Stored items from a collection:
================================

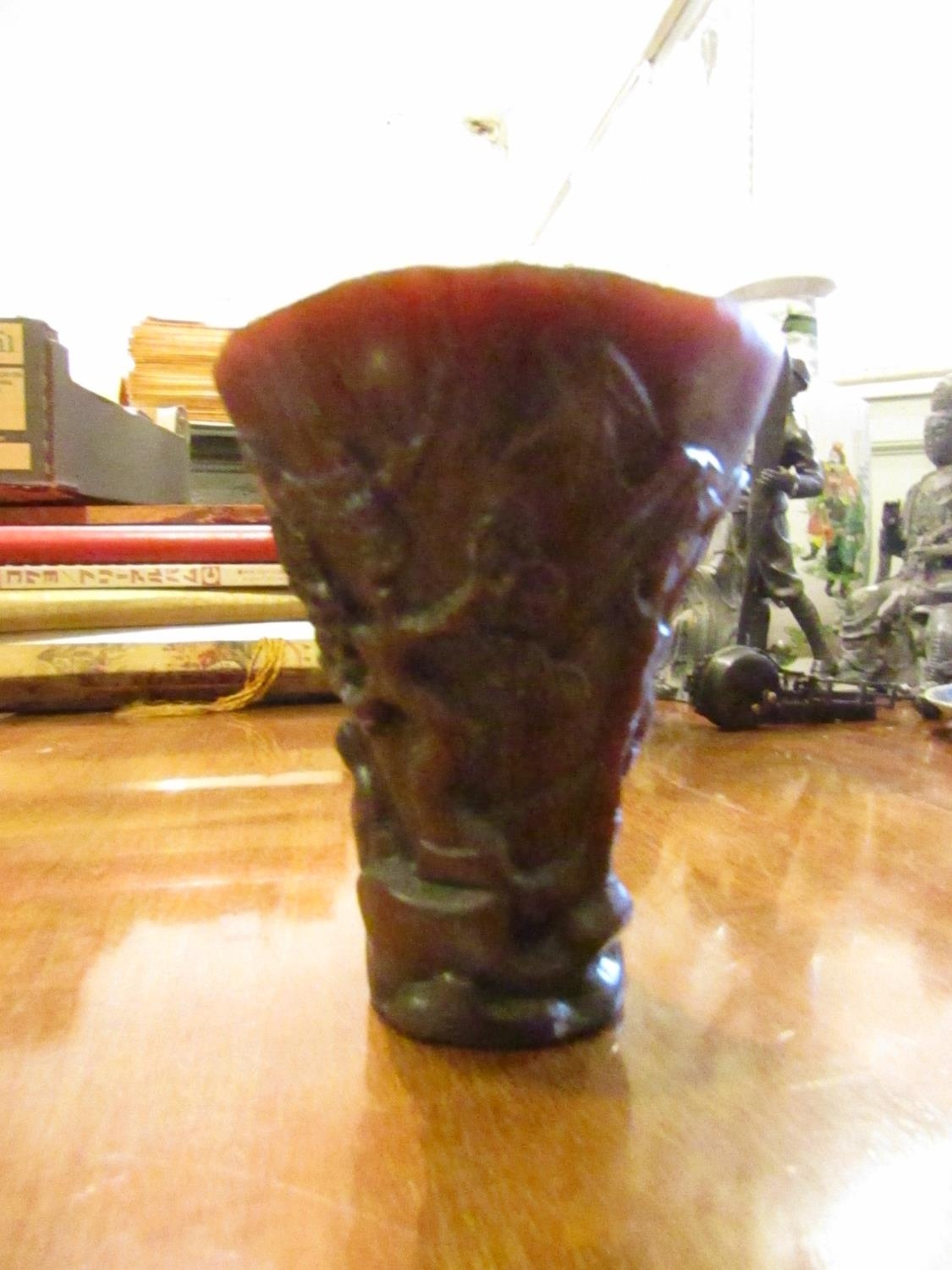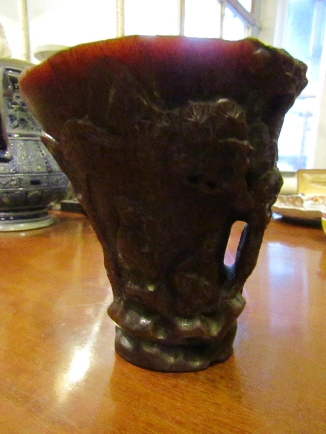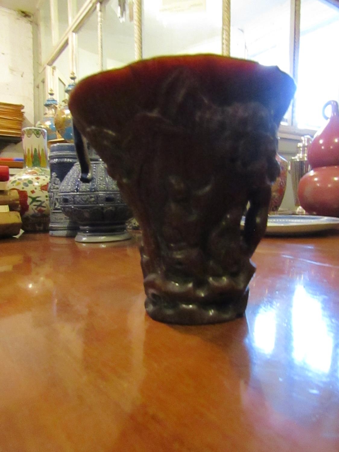 Carved Libation Cup Incised Detailing Approximately 5 Inches High
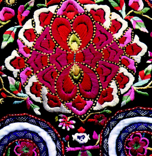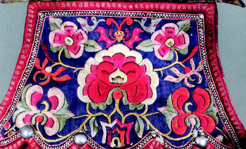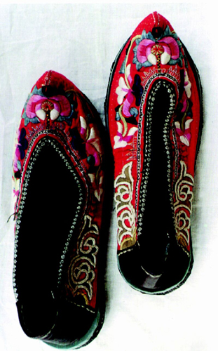 至于白族婦女的服飾,大理一帶多穿白色上衣,外套或紅或藍或黑色絲絨領褂,下著藍色寬褲,腰系綴有繡花飄帶的短圍腰,足穿繡花的“百節鞋”;臂環紐絲銀鐲,指戴琺瑯銀戒指,耳墜銀飾,上衣右衽佩著銀質的“三須”、“五須”;已婚者挽髻,未婚者垂辮于后或盤辮于頭,都纏以繡花、印花布或彩色毛巾的包頭。衣外腰帶為多層厚布縫制成硬板帶,女孩五歲起系圍,使腰身如蜂形窈窕。外系繡花飄帶的雙層短圍腰,或立或行總婀娜多姿。腳穿船形繡花鞋,表示江海無阻一生順利。鄧川一帶的未婚女子則戴小帽或滿布銀鈴的“鼓釘帽”、帽檐高翹的“魚尾帽”。居住在麗江九河的白族婦女的領褂,多為氆氌,袖、腳鑲著花邊,披著背有七星圖案的輕軟羊皮。保山阿石寨婦女所穿的對襟衣,前襟齊腰,后襟過膝,臂套彩色袖筒,前系長可及地的圍腰。碧江白族婦女的服飾,頭戴鑲有海貝和白色草子的花圈帽,頂佩十數串彩色小珠子,身穿黑色或花色短衣,腰圍前后鑲著三道海貝和珠子的繡花圍腰,赤足。大理海東新婚女子的發飾,梳“鳳點頭”(鳳頭、鳳背、鳳翅、鳳尾俱全),身著大鑲大滾的紅綠衣褲;青年婦女也戴“鼓釘帽”。
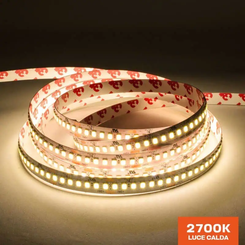 Ha una potenza complessiva di 96W (venduta in bobine da 5 metri) e una potenza effettiva di 19,2W al metro. Se stai cercando una striscia led da 24V molto luminosa, ma con un basso assorbimento energetico, allora questo modello di strip led è quello che fa per te. Grazie ai suoi 1050 Chip LED (210 LED/mt) modello 2835 riesce ad emettere fino a 12500 lm (2500 lm al metro) con un’efficienza luminosa pari a 130 lm/mt.
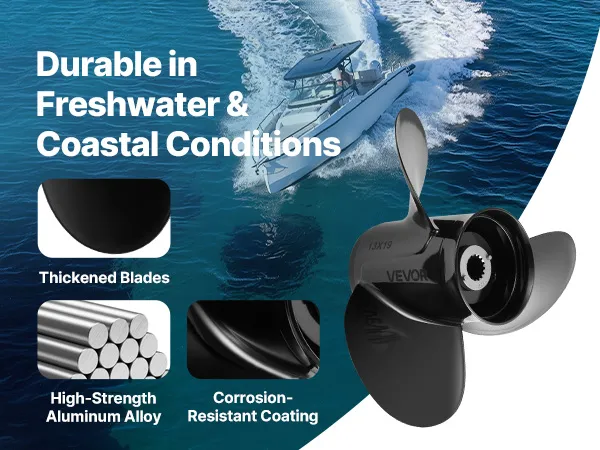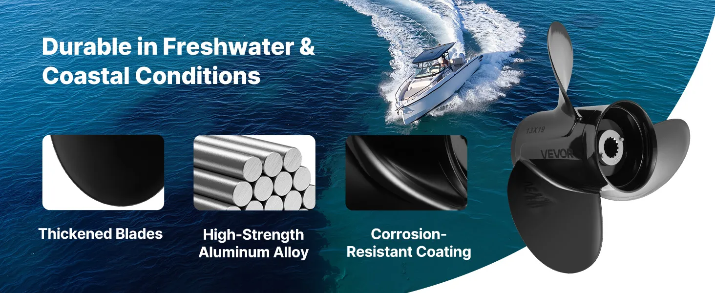 Sturdy & Durable: Made from corrosion-resistant aluminum alloy, this boat propeller is suitable for extended use in both freshwater and saltwater conditions. It also remains lightweight to improve rotational efficiency
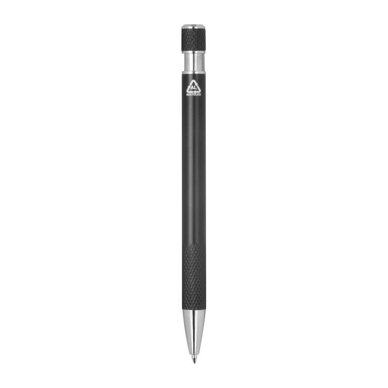 Pix din aluminiu reciclat, cu grip modelat, mecanism cu buton și mină albastră.
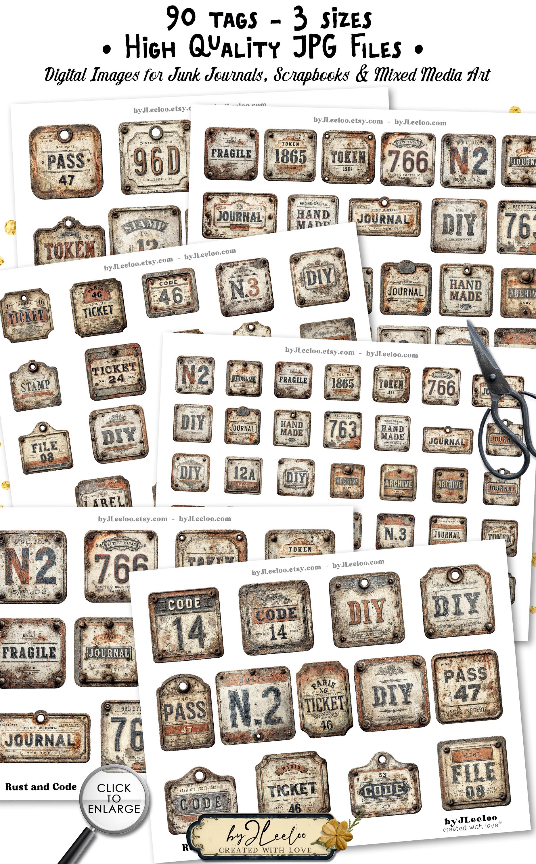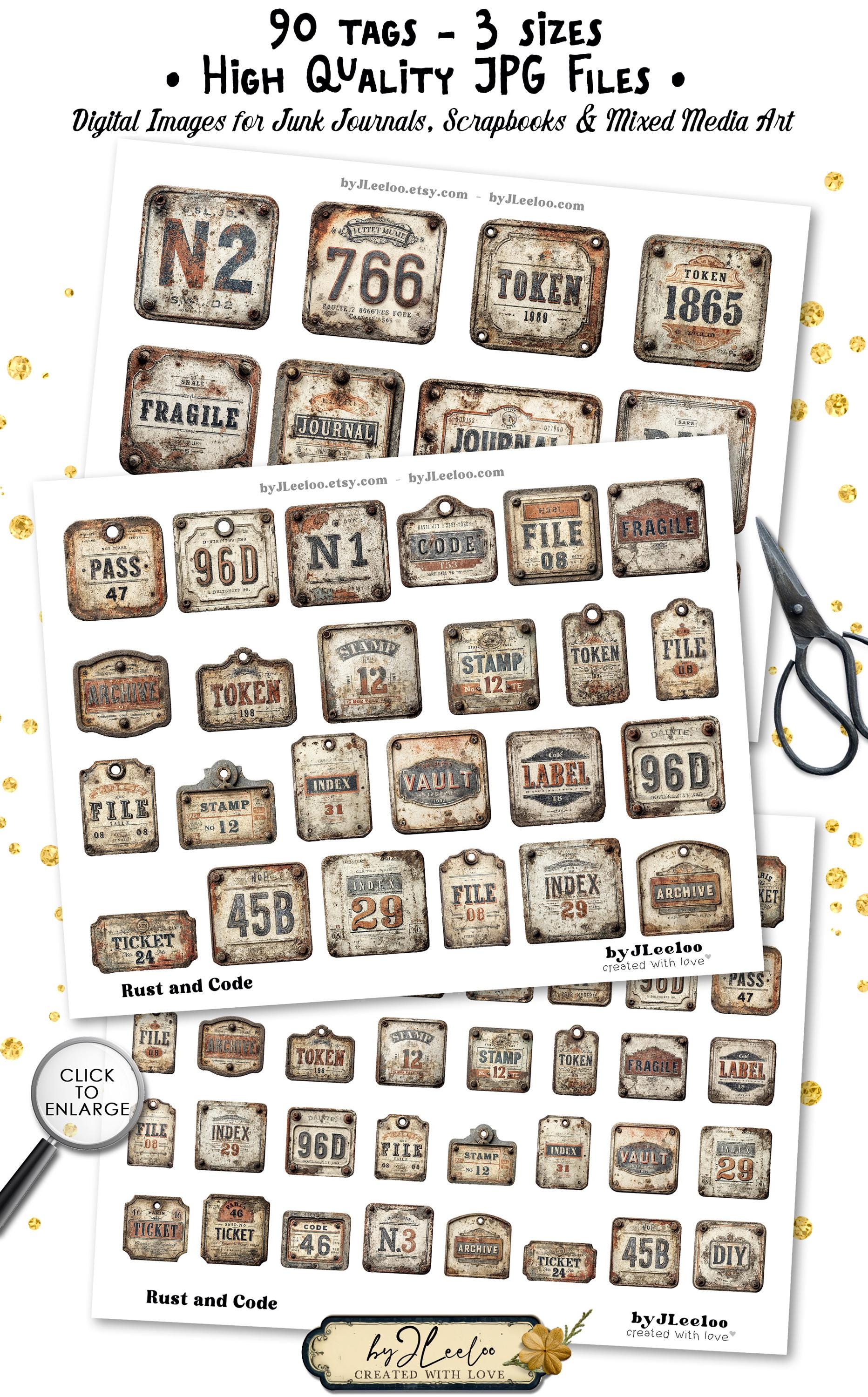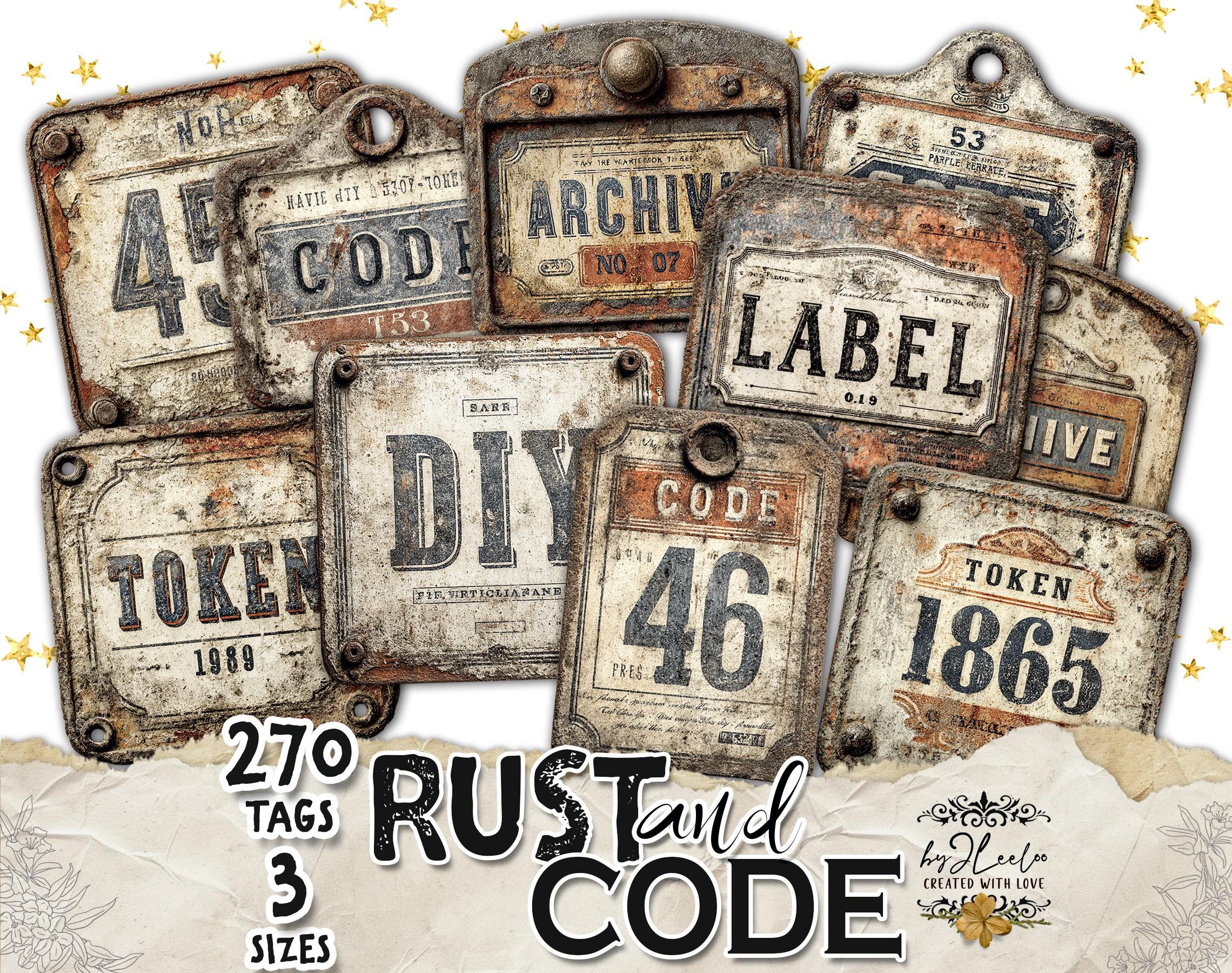 RUST and CODE – 90 Industrial Vintage Tags | Printable Metal Labels & Typographic Plates for Junk Journals, Scrapbooks & Crafts CU | tl356

================================

WHAT IS REQUIRED: Each record above needs to be transcribed word for word, with its pictures omitted.

ANSWER BOX:
 Carved Libation Cup Incised Detailing Approximately 5 Inches High
 至于白族婦女的服飾,大理一帶多穿白色上衣,外套或紅或藍或黑色絲絨領褂,下著藍色寬褲,腰系綴有繡花飄帶的短圍腰,足穿繡花的“百節鞋”;臂環紐絲銀鐲,指戴琺瑯銀戒指,耳墜銀飾,上衣右衽佩著銀質的“三須”、“五須”;已婚者挽髻,未婚者垂辮于后或盤辮于頭,都纏以繡花、印花布或彩色毛巾的包頭。衣外腰帶為多層厚布縫制成硬板帶,女孩五歲起系圍,使腰身如蜂形窈窕。外系繡花飄帶的雙層短圍腰,或立或行總婀娜多姿。腳穿船形繡花鞋,表示江海無阻一生順利。鄧川一帶的未婚女子則戴小帽或滿布銀鈴的“鼓釘帽”、帽檐高翹的“魚尾帽”。居住在麗江九河的白族婦女的領褂,多為氆氌,袖、腳鑲著花邊,披著背有七星圖案的輕軟羊皮。保山阿石寨婦女所穿的對襟衣,前襟齊腰,后襟過膝,臂套彩色袖筒,前系長可及地的圍腰。碧江白族婦女的服飾,頭戴鑲有海貝和白色草子的花圈帽,頂佩十數串彩色小珠子,身穿黑色或花色短衣,腰圍前后鑲著三道海貝和珠子的繡花圍腰,赤足。大理海東新婚女子的發飾,梳“鳳點頭”(鳳頭、鳳背、鳳翅、鳳尾俱全),身著大鑲大滾的紅綠衣褲;青年婦女也戴“鼓釘帽”。
 Ha una potenza complessiva di 96W (venduta in bobine da 5 metri) e una potenza effettiva di 19,2W al metro. Se stai cercando una striscia led da 24V molto luminosa, ma con un basso assorbimento energetico, allora questo modello di strip led è quello che fa per te. Grazie ai suoi 1050 Chip LED (210 LED/mt) modello 2835 riesce ad emettere fino a 12500 lm (2500 lm al metro) con un’efficienza luminosa pari a 130 lm/mt.
 Sturdy & Durable: Made from corrosion-resistant aluminum alloy, this boat propeller is suitable for extended use in both freshwater and saltwater conditions. It also remains lightweight to improve rotational efficiency
 Pix din aluminiu reciclat, cu grip modelat, mecanism cu buton și mină albastră.
 RUST and CODE – 90 Industrial Vintage Tags | Printable Metal Labels & Typographic Plates for Junk Journals, Scrapbooks & Crafts CU | tl356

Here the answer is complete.